### Prompt
The output must match the entries below exactly, with pictures removed.

### Records for this task

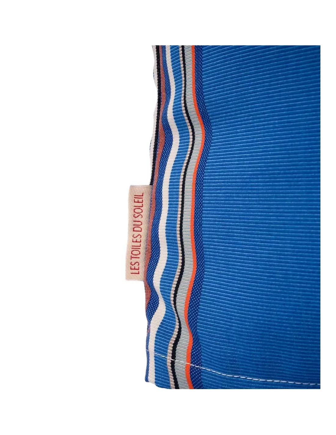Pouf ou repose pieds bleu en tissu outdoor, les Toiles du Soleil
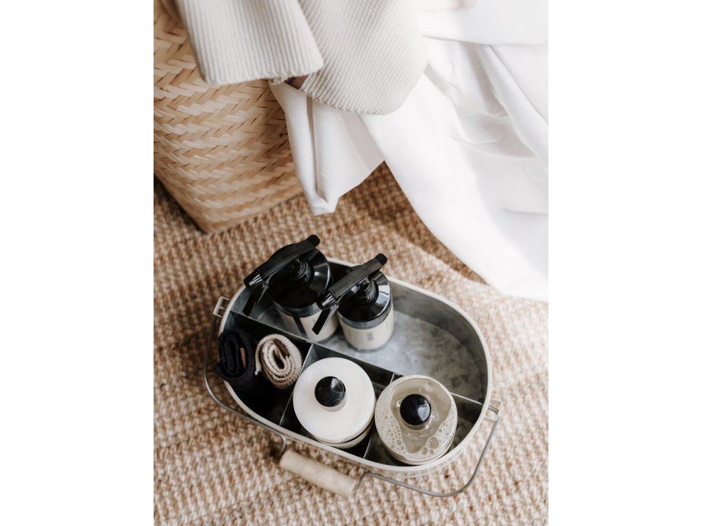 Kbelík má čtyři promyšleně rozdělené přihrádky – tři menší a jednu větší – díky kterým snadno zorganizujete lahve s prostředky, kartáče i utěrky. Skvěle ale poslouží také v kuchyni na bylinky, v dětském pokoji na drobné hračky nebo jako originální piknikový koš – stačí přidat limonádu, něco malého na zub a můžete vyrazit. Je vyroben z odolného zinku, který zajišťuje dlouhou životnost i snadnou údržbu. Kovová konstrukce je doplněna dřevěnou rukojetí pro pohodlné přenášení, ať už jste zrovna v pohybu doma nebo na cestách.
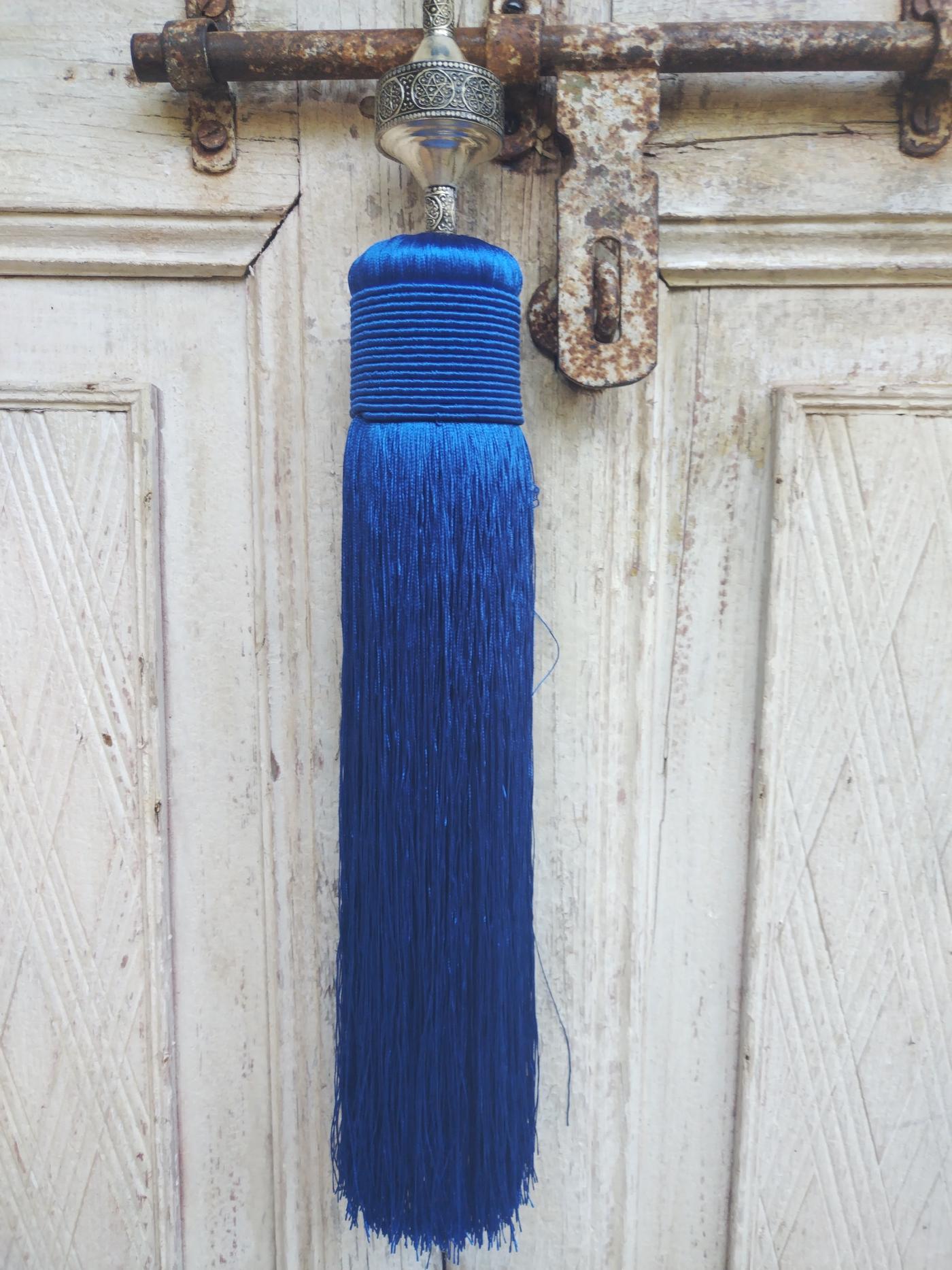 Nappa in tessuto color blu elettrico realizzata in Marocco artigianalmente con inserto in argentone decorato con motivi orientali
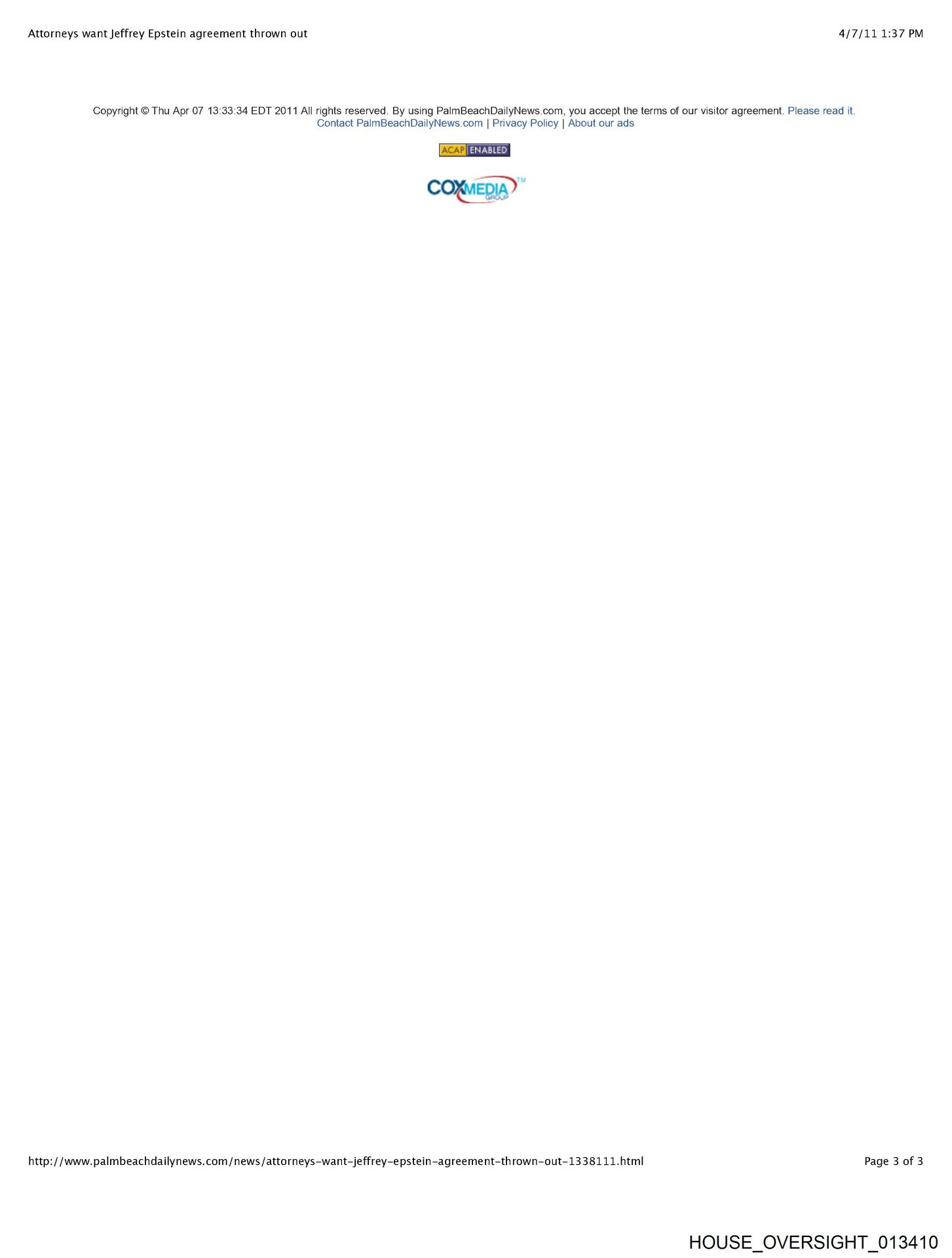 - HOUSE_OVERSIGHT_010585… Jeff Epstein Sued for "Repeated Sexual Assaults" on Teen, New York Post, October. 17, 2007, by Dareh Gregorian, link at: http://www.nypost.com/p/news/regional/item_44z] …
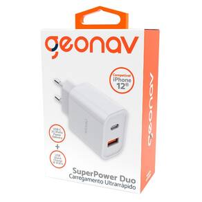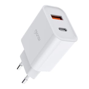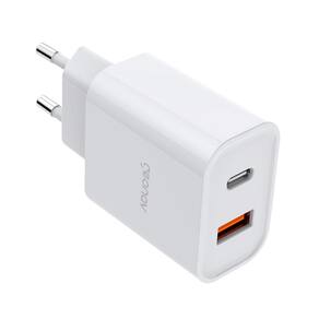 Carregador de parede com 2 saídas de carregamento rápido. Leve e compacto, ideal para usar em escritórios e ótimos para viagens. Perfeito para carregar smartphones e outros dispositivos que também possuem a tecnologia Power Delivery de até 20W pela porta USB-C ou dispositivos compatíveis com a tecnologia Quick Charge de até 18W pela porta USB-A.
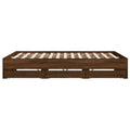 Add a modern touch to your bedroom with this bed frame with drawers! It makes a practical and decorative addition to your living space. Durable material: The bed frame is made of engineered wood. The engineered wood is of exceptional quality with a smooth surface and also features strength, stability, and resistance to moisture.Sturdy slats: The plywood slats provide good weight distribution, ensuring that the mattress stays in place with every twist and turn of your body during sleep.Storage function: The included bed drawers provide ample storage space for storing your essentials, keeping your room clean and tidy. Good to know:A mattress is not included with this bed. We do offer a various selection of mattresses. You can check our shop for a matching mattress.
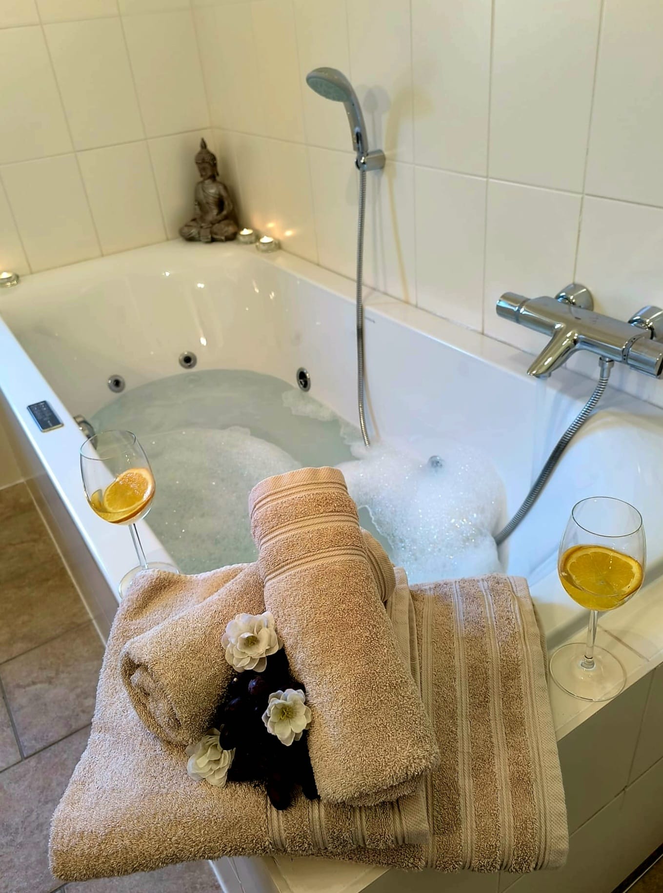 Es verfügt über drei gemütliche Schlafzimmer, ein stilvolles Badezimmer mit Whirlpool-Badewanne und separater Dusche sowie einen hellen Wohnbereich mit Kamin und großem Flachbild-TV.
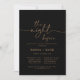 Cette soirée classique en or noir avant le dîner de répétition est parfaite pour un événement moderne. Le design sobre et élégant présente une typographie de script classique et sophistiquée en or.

### Solution
Pouf ou repose pieds bleu en tissu outdoor, les Toiles du Soleil
 Kbelík má čtyři promyšleně rozdělené přihrádky – tři menší a jednu větší – díky kterým snadno zorganizujete lahve s prostředky, kartáče i utěrky. Skvěle ale poslouží také v kuchyni na bylinky, v dětském pokoji na drobné hračky nebo jako originální piknikový koš – stačí přidat limonádu, něco malého na zub a můžete vyrazit. Je vyroben z odolného zinku, který zajišťuje dlouhou životnost i snadnou údržbu. Kovová konstrukce je doplněna dřevěnou rukojetí pro pohodlné přenášení, ať už jste zrovna v pohybu doma nebo na cestách.
 Nappa in tessuto color blu elettrico realizzata in Marocco artigianalmente con inserto in argentone decorato con motivi orientali
 - HOUSE_OVERSIGHT_010585… Jeff Epstein Sued for "Repeated Sexual Assaults" on Teen, New York Post, October. 17, 2007, by Dareh Gregorian, link at: http://www.nypost.com/p/news/regional/item_44z] …
 Carregador de parede com 2 saídas de carregamento rápido. Leve e compacto, ideal para usar em escritórios e ótimos para viagens. Perfeito para carregar smartphones e outros dispositivos que também possuem a tecnologia Power Delivery de até 20W pela porta USB-C ou dispositivos compatíveis com a tecnologia Quick Charge de até 18W pela porta USB-A.
 Add a modern touch to your bedroom with this bed frame with drawers! It makes a practical and decorative addition to your living space. Durable material: The bed frame is made of engineered wood. The engineered wood is of exceptional quality with a smooth surface and also features strength, stability, and resistance to moisture.Sturdy slats: The plywood slats provide good weight distribution, ensuring that the mattress stays in place with every twist and turn of your body during sleep.Storage function: The included bed drawers provide ample storage space for storing your essentials, keeping your room clean and tidy. Good to know:A mattress is not included with this bed. We do offer a various selection of mattresses. You can check our shop for a matching mattress.
 Es verfügt über drei gemütliche Schlafzimmer, ein stilvolles Badezimmer mit Whirlpool-Badewanne und separater Dusche sowie einen hellen Wohnbereich mit Kamin und großem Flachbild-TV.
 Cette soirée classique en or noir avant le dîner de répétition est parfaite pour un événement moderne. Le design sobre et élégant présente une typographie de script classique et sophistiquée en or.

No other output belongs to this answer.